Ultimate Spiderman Review

All I can say is...wow this game really sucks. I remember actually liking it when I first got it despite remembering actually having thrown the controller at the wall because of the horribly disjointed fighting system, but even the cel shaded, car-busting, uncontrollable fury of Venom is a lot clunkier than I remember.

The main appeal of Ultimate Spiderman is that it takes the web-swinging system implemented in Spiderman 2: The Movie: The Game, and combines it with comic-book-like graphics and the ability to play part of the story as Venom. Unfortunately, the comic-book approach falls short during cutscenes where a complete lack of music and occasional unmatched voice-overs makes them painful to watch. My qualms with Venom aren't as bad. Instead of making him a web-swinger like Spidey, the developers gave him a Locomotion Jump, where he can jump whole buildings in a single leap. Now while the idea was good, the control over the jump itself was less than spectacular.

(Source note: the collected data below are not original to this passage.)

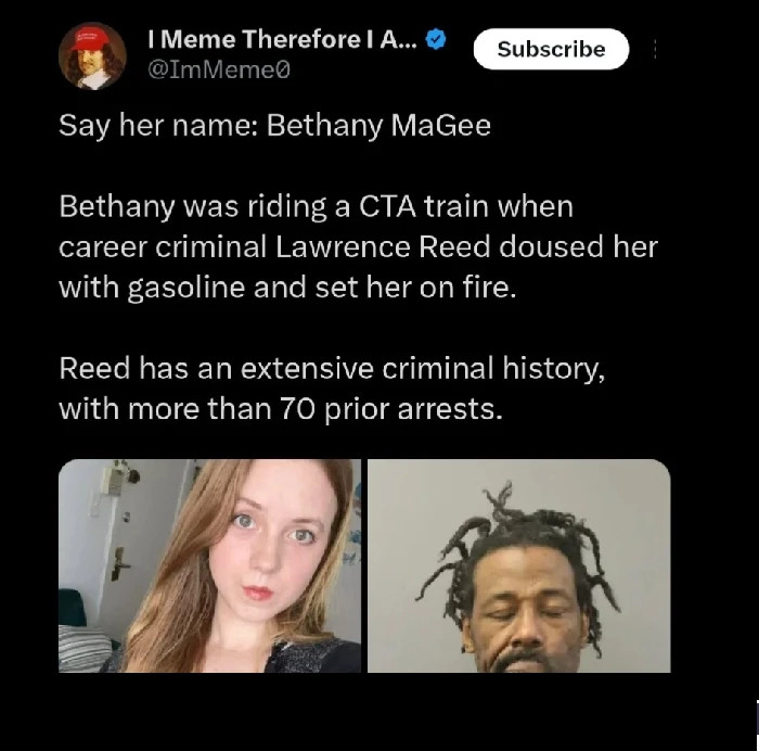 In 2025, following the attack on Iryna… Bethany MaGee, 26, was set on fire aboard a Chicago Blue Line train by career criminal Lawrence Reed, who has over 70 prior arrests. Like Iryna Zarutska, she was a supporter of BLM. Not a single protest. Or worldwide media coverage.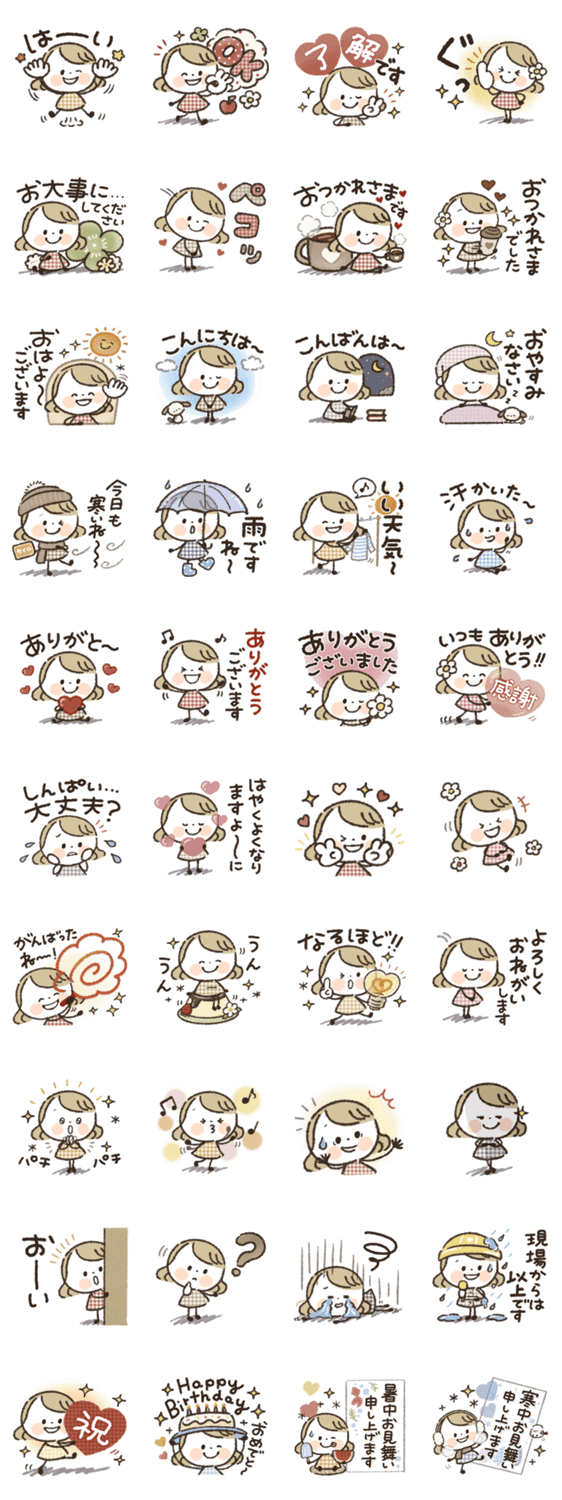 一年中使いやすい女の子のスタンプです♪/見やすい/日常/天気/誕生日/暑中見舞い/寒中見舞い/思いやり/リアクション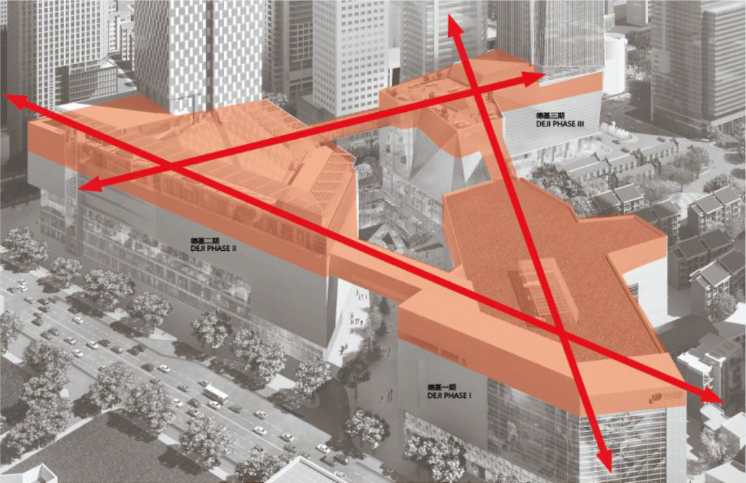 规划中,德基三期之间还将形成南京最长的空中连廊,地上和地下形成立体的连通方式。一期和二期之间不超过30米、二期和三期大约60米,将在新街口形成透明的空中回廊。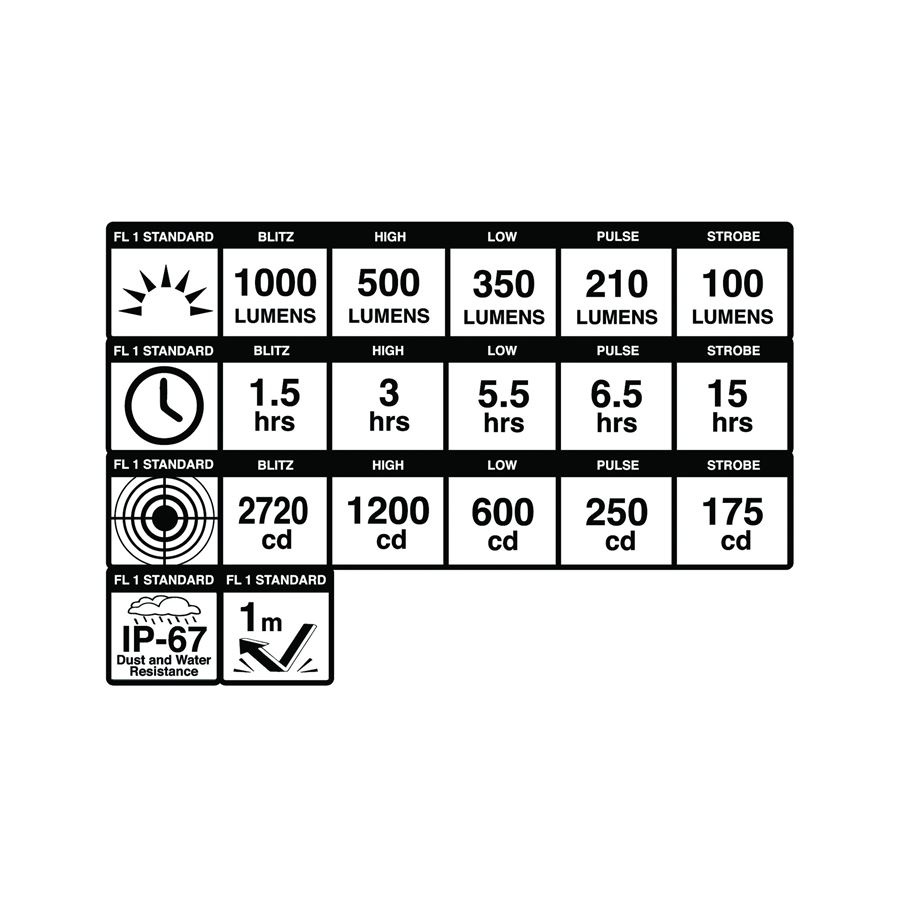 MÓDY Blitz 1000 lumenů/1,5 h, High 500 lumenů/3 h, Low 350 lumenů/5,5 h, Pulse 210 lumenů/6,5 h, Strobe 100 lumenů/15 h

I found it difficult to get moving horizontally and frequently found myself falling short of a building, sometimes not even moving anywhere because Venom got stuck on a fence 1/4th his size, and it would take a second for him to reach out and grab a building if I was desperately trying to move forward two inches to avoid falling down 50 floors.

In addition to the unpolished Venom jumping, the combat was royally subpar. I know that the series isn't exactly known for its quality fighting, but when you're told that your dodge consists of a blind leap out of the area you're standing in, and that you have to fight gangs of guys with guns, missile launchers, wrenches, swords, flamethrowers, shurikens, hadoukens, and the amazing ability to not get stunned and block every one of Spiderman's attacks with a 70% success rate while charging up their own super-attack, there is something fundamentally WRONG with the game. During the two and a half hour campaign, the combat isn't all that bad, but the flaws really show in the final fight and during combat tours...That's another thing, the campaign's friggin' short! Out of the two and a half hours, about 75% of that is going around doing random side quests or hoping that a spontaneous crime happens in Spidey's general vicinity to allow the next story event to occur. In addition, the story's not all that great; it's supposed to revolve around Venom trying to get back at the head of an evil conglomerate, but the game throws in a lot of random fights and strange quirks to try in vain to spice things up a bit.


MORTAL KOMBAAAAT!

Overall, this game wouldn't even qualify as a decent rental. All the good aspects of the game are present and accounted for in other recent Spiderman titles, and the five-minute long Venom gambits thrown into the fray throughout the campaign are practically one-button beat-em'-ups. The graphics were alright, so they'd get a 4 considering it's an Xbox generation game, but gameplay, music, and narration get a 2, 1, and 2.5 respectively. This game, ultimately a flop, gets a 2.4 out of 5.